Elle s’oppose ainsi au style Expédition, plus accessible aux alpinistes amateurs qui disposent d’une équipe de soutien professionnelle et effectuent des campements progressifs. Nettement plus difficile, le style alpin préconise les cordées réduites à deux ou trois grimpeurs. Bien sûr, seuls les alpinistes de très haut niveau y ont accès car le succès de ce type d’ascension dépend essentiellement de son rythme soutenu.

C’est d’ailleurs parce que le défi des Sept Sommets est possible en style Expédition qu’il est si populaire auprès des alpinistes amateurs.
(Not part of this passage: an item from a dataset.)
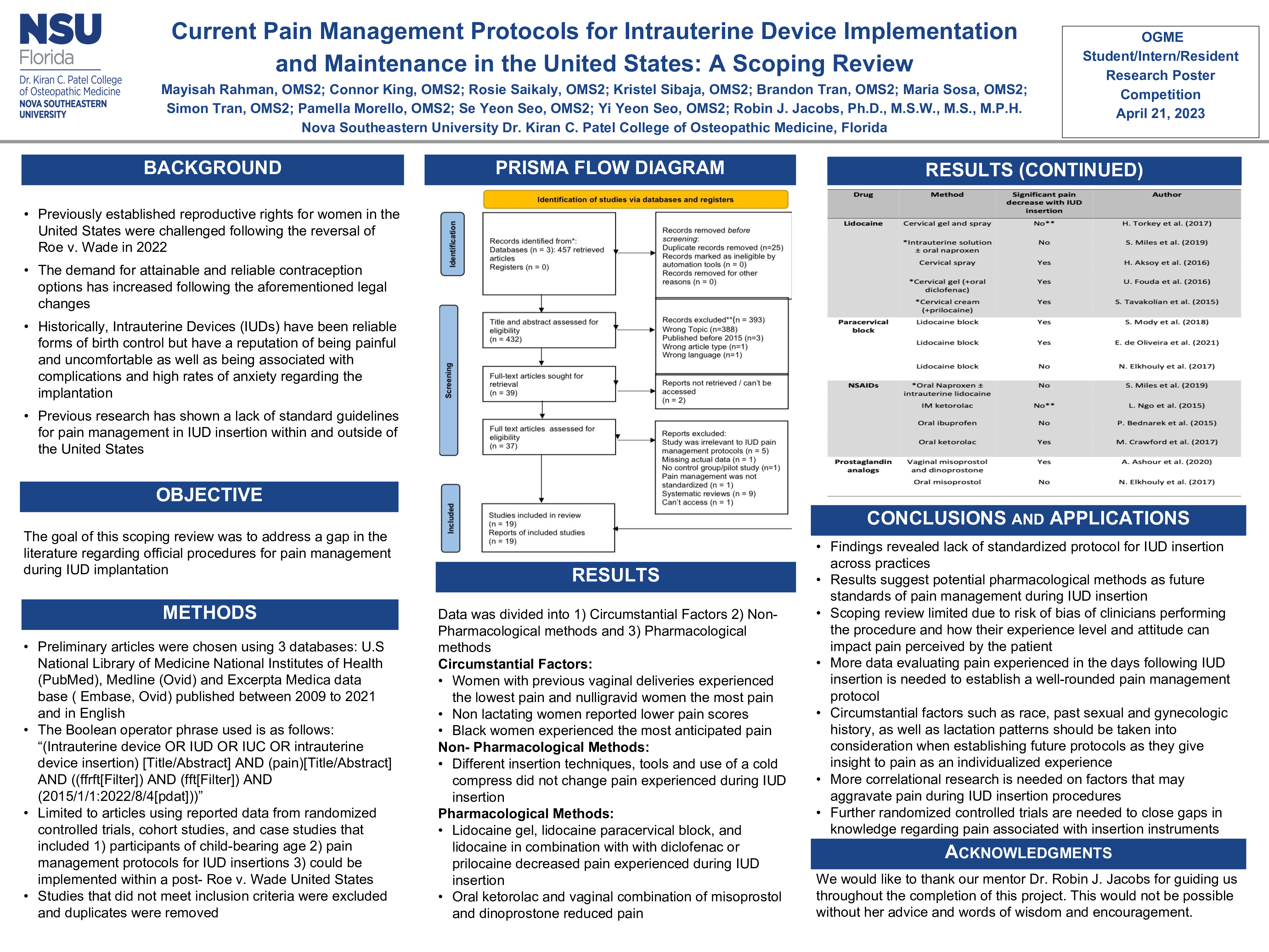Conclusion: Findings from this scoping review revealed a lack of uniformity across practices when conducting IUD insertions. The findings within the themes may be a large factor contributing to the lack of standardized care. More research is needed regarding the intricacy of pain with IUD insertion. Moving forward, especially following a potential increase in the use of IUDs following the reversal of Roe v. Wade, establishing this gap may lead to a more refined standardized protocol to minimize pain with IUD insertions.

C’est la principale critique adressée depuis une quinzaine d’années à ce défi : attirer sur des montagnes des gens qui n’ont rien à y faire, manquent d’expérience, de connaissances et qui «dénaturent» l’esprit de l’alpinisme. Ce sont généralement des gens en quête de popularité, de reconnaissance dans leur milieu et qui disposent des moyens financiers nécessaires à ce tour des montagnes du monde. Le sommet de l’Everest, notamment, est devenu The Place To Be pour beaucoup de jeunes professionnels socialement privilégiés, mais sans l’expérience de montagne nécessaire. On en connaît le résultat : les accidents mortels en augmentation, qui surviennent dans la zone de la mort.
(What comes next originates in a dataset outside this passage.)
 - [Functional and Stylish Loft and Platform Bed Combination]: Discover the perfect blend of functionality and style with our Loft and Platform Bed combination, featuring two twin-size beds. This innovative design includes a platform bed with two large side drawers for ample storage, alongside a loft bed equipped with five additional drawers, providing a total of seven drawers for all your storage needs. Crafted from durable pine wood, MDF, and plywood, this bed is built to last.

Reste que, avec ou sans soutien technique, ces ascensions constituent un sérieux défi sportif, mais aussi une aventure exceptionnelle à travers le monde. Car il est bien question de voyages, dans les Sept Sommets, pas seulement de montagnes. Un attrait qui explique également le pouvoir d’attraction de ce phénomène auprès de nombreux aspirants internationaux.
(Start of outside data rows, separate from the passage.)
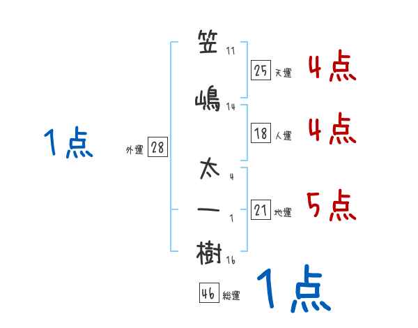 天運![]() | 笠嶋太一樹さんの天運は25画の4つ星!個性があり才能があふれる。強運の持ち主で発展する。 家系が持つ宿命的な運勢を表します。祖先から受け継いだ苗字ですので自分の力が及びません。家柄を象徴します。 |
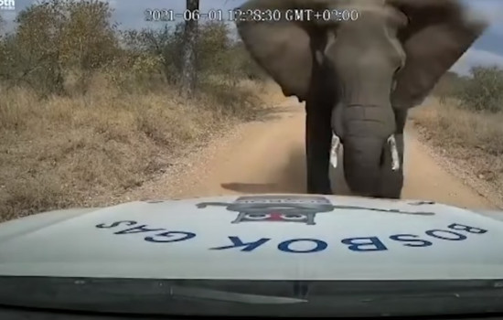Em imagens impressionantes, um elefante mostrou toda a sua força ao esmagar o capô de uma picape com a tromba e as presas, além de empurrá-la por alguns metros. Detalhe: o motorista estava dentro do veículo e passou por momentos de pânico.
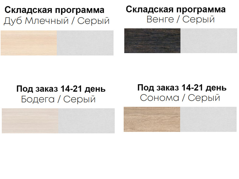 Цветовые решения: Дуб млечный, Венге, Серый, Бодега, Дуб сонома.

Les Québécois ont bien évidemment embarqué dans l’aventure. Mais seuls cinq alpinistes ont à ce jour complété les Sept Sommets : Bernard Voyer (1999), connu pour ses expéditions en Arctique et Antarctique, François-Guy Thivierge (2008), et Bruno et Jason Rodi, qui l’ont réalisé entre père et fils. Côté femmes, c’est Christine Dubé qui inscrit son nom comme la première Québécoise qui entre dans l’histoire des Sept Sommets, en 2011. Depuis plusieurs années, trois Québécoises alpinistes se mesurent au défi: Monique Richard, Sylvie Fréchette et Véronique Denys. Michel Waechter, un avocat d’une quarantaine d’années a entrepris cette aventure, mais n’a pu le compléter à cause de mauvaises conditions en montagne. Qu’elle ait été couronnée ou non de succès, cette aventure apporte néanmoins un enseignement majeur : en montagne, la défaite fait partie des options. Renoncer à un sommet n’est pas pour autant le signe d’un échec : c’est le rappel que c’est la montagne, et seulement elle, qui dit « où et quand ». Il en coûte cher à ceux qui oseraient l’oublier.